**Task prompt:** Beginning at the line that contains "reduce gaming errors.", output each line exactly through the end of the records, and drop any pictures.

* * * * * * *

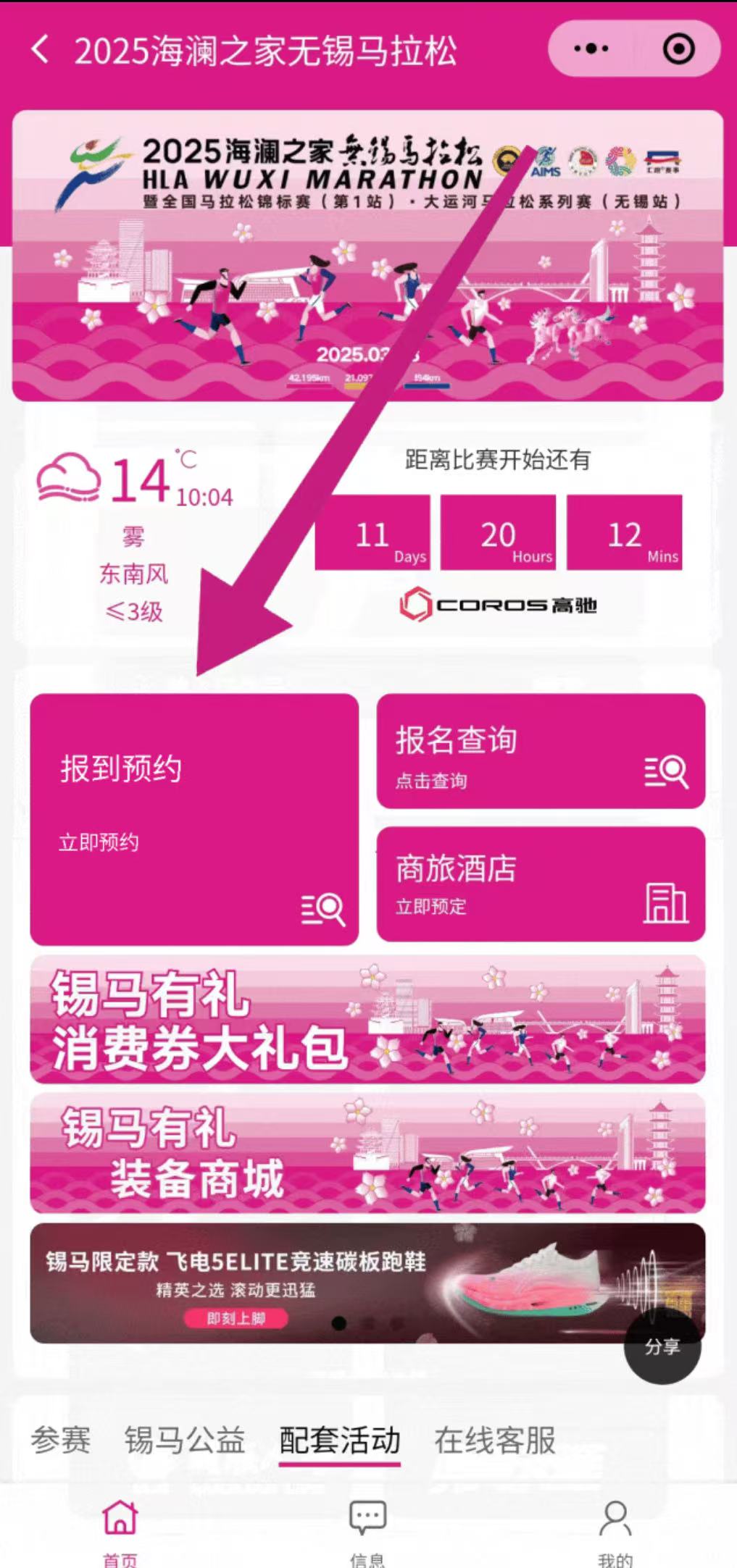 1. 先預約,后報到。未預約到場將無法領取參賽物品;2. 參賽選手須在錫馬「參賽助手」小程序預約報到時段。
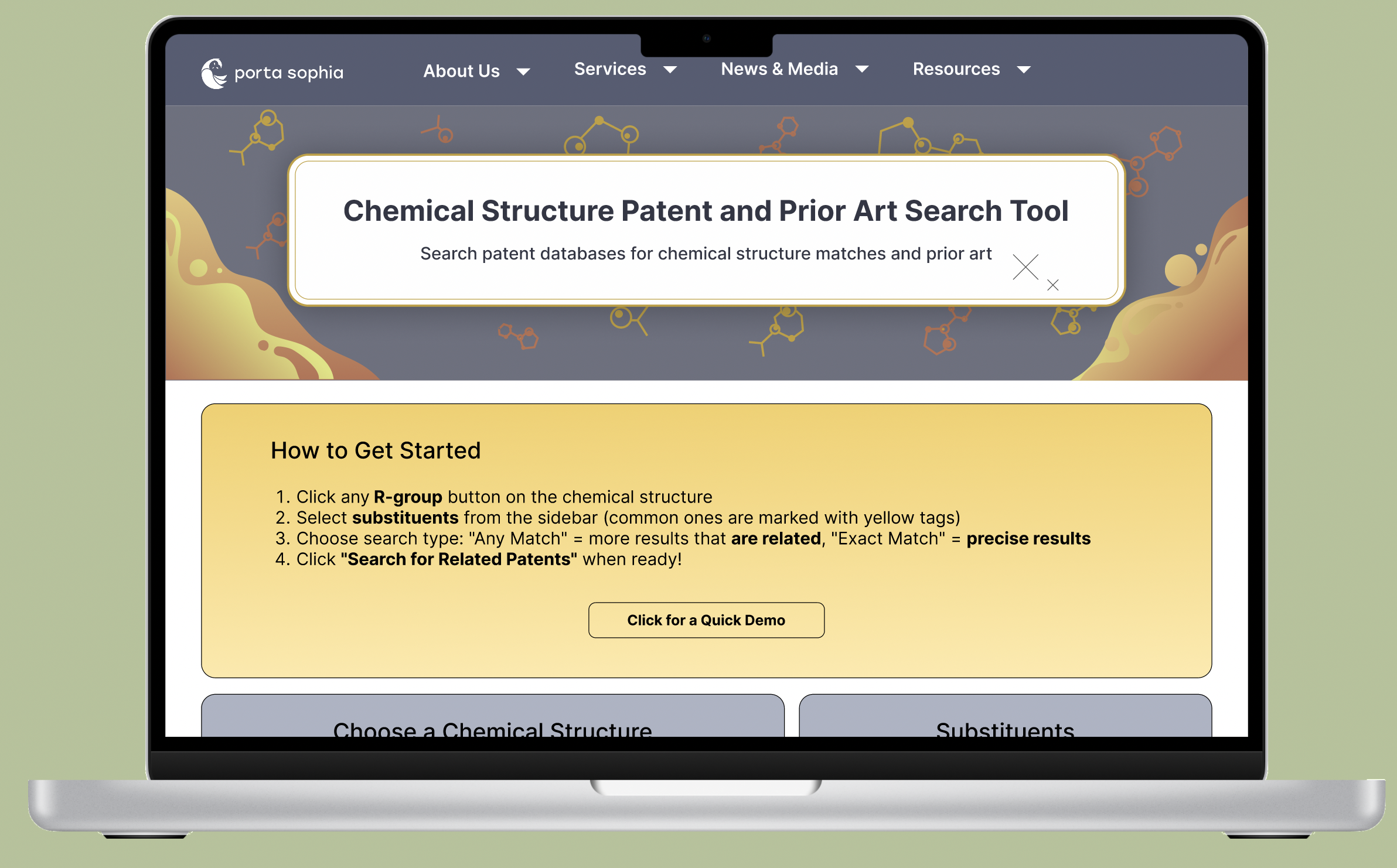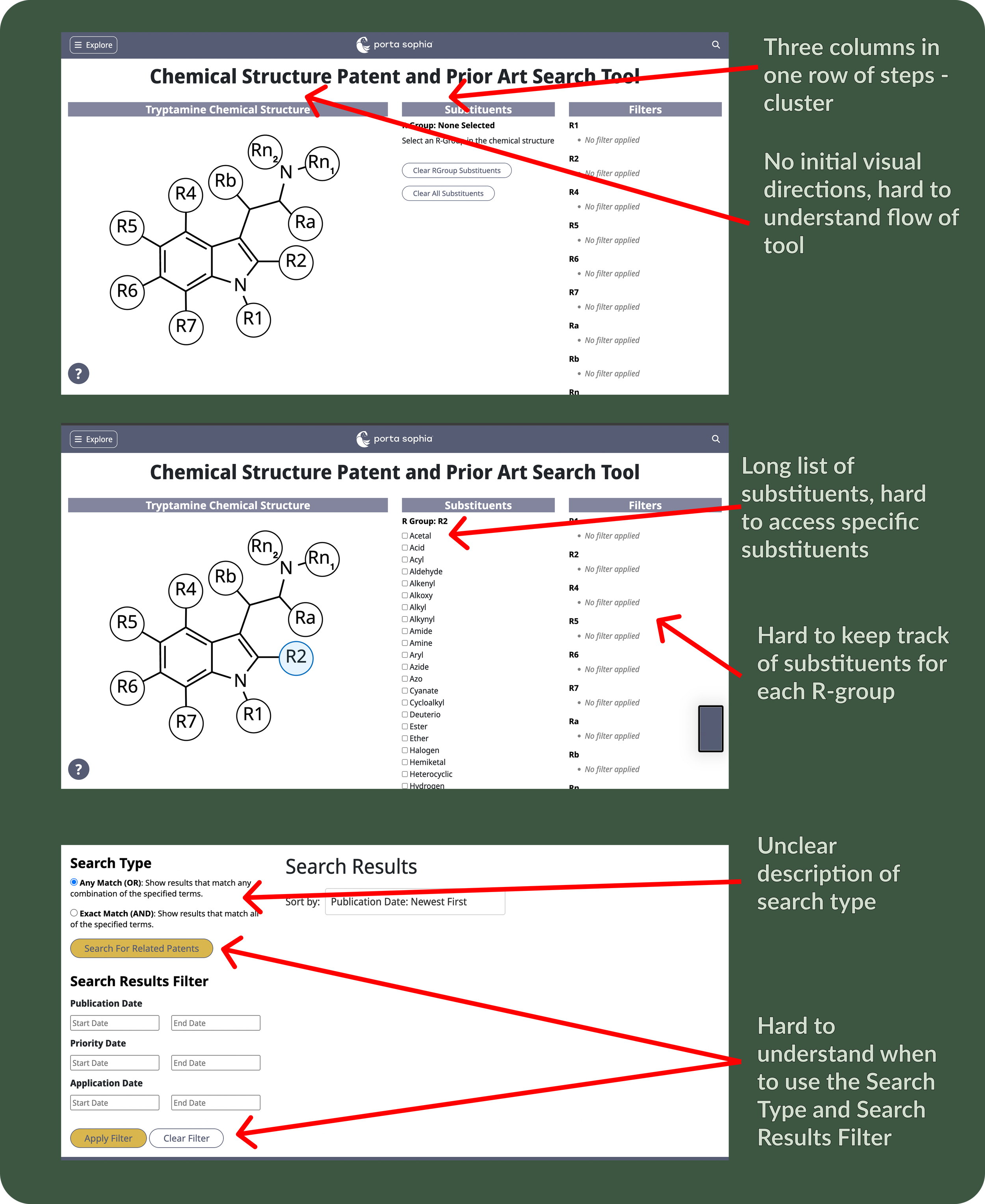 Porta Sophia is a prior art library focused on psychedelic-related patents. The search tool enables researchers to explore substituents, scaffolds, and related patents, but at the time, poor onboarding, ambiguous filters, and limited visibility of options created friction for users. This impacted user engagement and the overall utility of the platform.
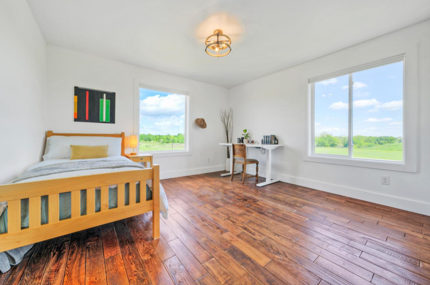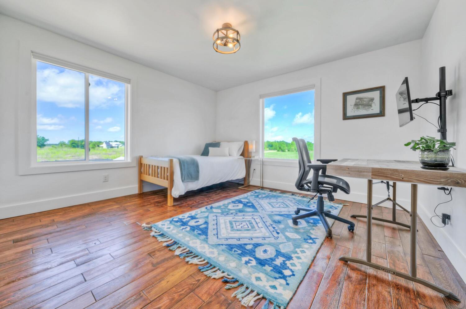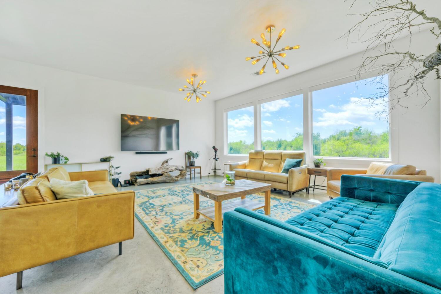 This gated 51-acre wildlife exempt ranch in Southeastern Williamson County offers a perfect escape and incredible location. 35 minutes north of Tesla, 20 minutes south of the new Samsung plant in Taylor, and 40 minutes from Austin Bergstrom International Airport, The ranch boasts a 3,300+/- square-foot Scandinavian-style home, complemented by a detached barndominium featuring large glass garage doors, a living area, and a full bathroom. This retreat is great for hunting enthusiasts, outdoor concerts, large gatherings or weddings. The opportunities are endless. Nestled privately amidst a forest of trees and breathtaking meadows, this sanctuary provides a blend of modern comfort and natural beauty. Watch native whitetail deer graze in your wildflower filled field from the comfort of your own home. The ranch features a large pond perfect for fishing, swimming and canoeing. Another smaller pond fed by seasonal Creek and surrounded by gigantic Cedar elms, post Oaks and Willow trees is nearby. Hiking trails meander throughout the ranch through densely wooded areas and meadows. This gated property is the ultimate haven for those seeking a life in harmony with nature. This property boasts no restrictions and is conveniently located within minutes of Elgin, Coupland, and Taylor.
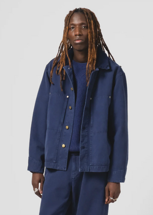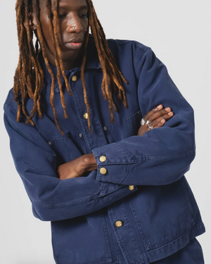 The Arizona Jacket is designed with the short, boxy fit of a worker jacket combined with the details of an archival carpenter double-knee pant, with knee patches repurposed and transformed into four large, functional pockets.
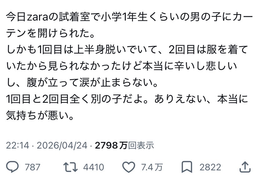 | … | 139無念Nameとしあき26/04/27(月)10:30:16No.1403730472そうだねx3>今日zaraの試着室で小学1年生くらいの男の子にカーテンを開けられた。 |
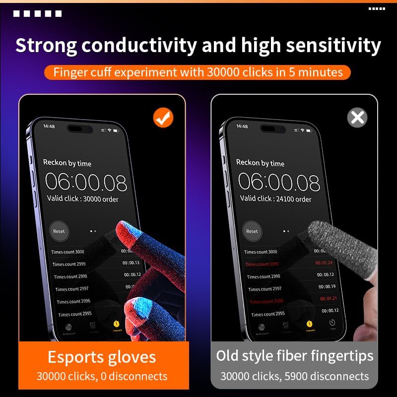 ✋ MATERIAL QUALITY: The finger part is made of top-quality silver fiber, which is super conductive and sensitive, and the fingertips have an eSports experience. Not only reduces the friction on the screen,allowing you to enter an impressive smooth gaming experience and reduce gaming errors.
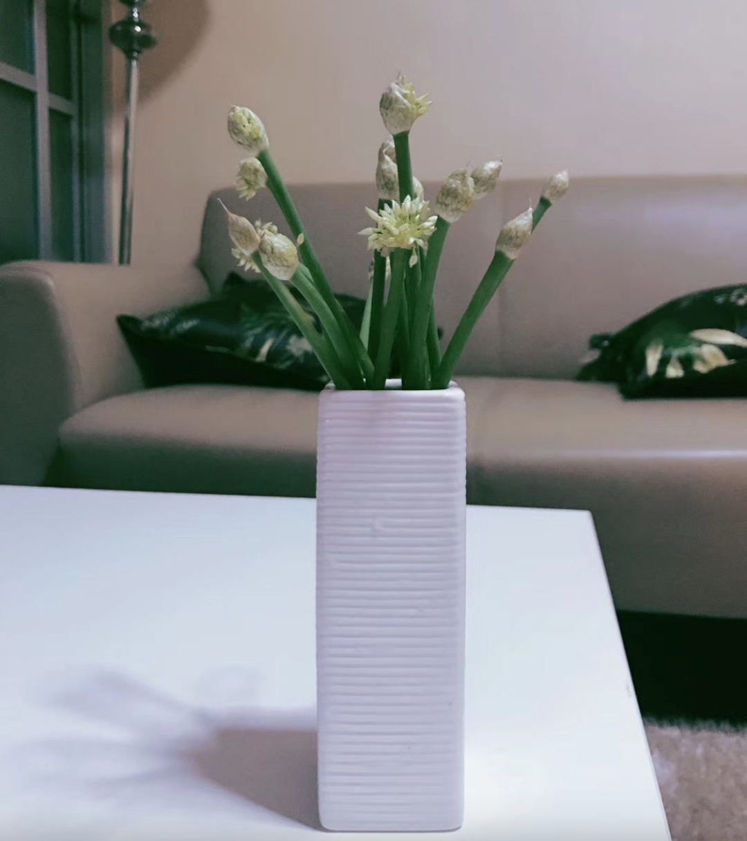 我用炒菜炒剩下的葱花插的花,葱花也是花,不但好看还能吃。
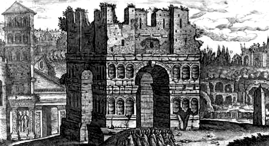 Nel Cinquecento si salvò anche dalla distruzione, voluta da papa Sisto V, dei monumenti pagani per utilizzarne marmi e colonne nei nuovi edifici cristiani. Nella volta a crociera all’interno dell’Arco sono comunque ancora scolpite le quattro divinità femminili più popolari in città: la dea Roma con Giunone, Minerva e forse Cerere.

* * * * * * *

**Reply to the task:**
 ✋ MATERIAL QUALITY: The finger part is made of top-quality silver fiber, which is super conductive and sensitive, and the fingertips have an eSports experience. Not only reduces the friction on the screen,allowing you to enter an impressive smooth gaming experience and reduce gaming errors.
 我用炒菜炒剩下的葱花插的花,葱花也是花,不但好看还能吃。
 Nel Cinquecento si salvò anche dalla distruzione, voluta da papa Sisto V, dei monumenti pagani per utilizzarne marmi e colonne nei nuovi edifici cristiani. Nella volta a crociera all’interno dell’Arco sono comunque ancora scolpite le quattro divinità femminili più popolari in città: la dea Roma con Giunone, Minerva e forse Cerere.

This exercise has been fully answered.